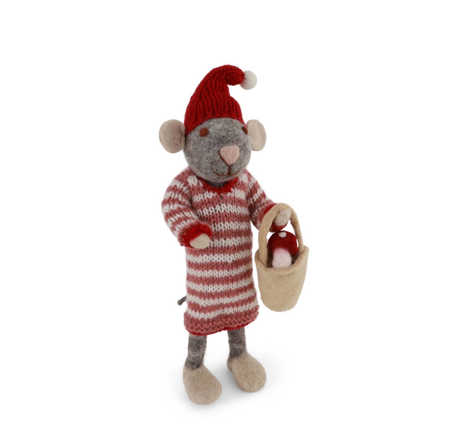 Filzfigur Maus grau groß mit Pilz im Eimer
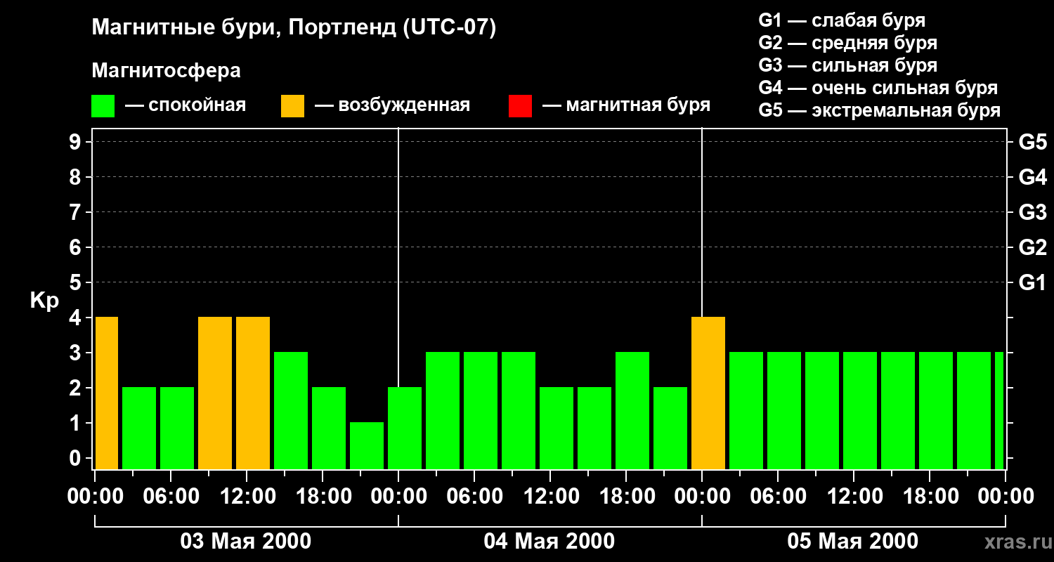 Изменения геомагнитного индекса Kp с 3 по 5 мая 2000 года для средних широт
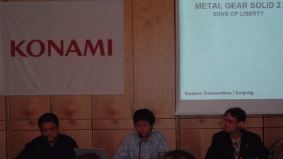 Martin Schneider, European Marketing und PR Director und Wolfgang Ebert, European PR Manager, zeigten den anwesenden Journalisten das Line-Up für das Jahr 2004 und 2005. Dabei wurde weltexklusiv der Taktik-Online-Shooter The Regiment angekündigt. Das absolute Highlight kam jedoch in Form eines Halbgottes: Hideo Kojima betrat zusammen mit seinem Übersetzer Scott Dolph den Raum und stellte sein neuestes Projekt Metal Gear Solid 3: Snake Eater vor. Wahnsinn!
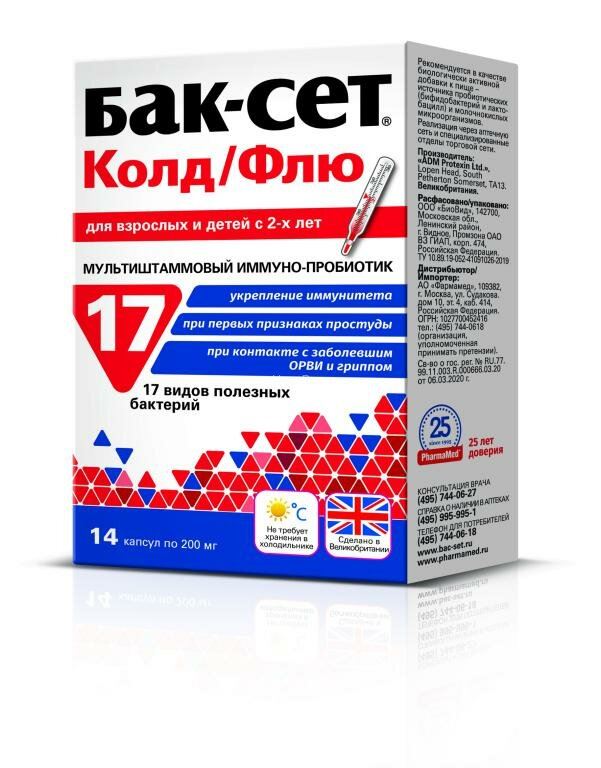 Присутствие сразу 17 штаммов (видов) полезных бактерий в препарате усиливает их иммуностимулирующее и противовоспалительное действие на организм без каких-либо нежелательных эффектов, что позволяет рекомендовать принимать Бак-Сет® Колд/Флю как при первых признаках заболевания, так и для профилактики простудных и вирусных заболеваний.
____
§ Exercise prompt: Reproduce exactly the lines from the beginning of the material down to the line containing "Martin Schneider, European", both ends included, but not the pictures or anything after.

§ Exercise output:
 Filzfigur Maus grau groß mit Pilz im Eimer
 Изменения геомагнитного индекса Kp с 3 по 5 мая 2000 года для средних широт
 Martin Schneider, European Marketing und PR Director und Wolfgang Ebert, European PR Manager, zeigten den anwesenden Journalisten das Line-Up für das Jahr 2004 und 2005. Dabei wurde weltexklusiv der Taktik-Online-Shooter The Regiment angekündigt. Das absolute Highlight kam jedoch in Form eines Halbgottes: Hideo Kojima betrat zusammen mit seinem Übersetzer Scott Dolph den Raum und stellte sein neuestes Projekt Metal Gear Solid 3: Snake Eater vor. Wahnsinn!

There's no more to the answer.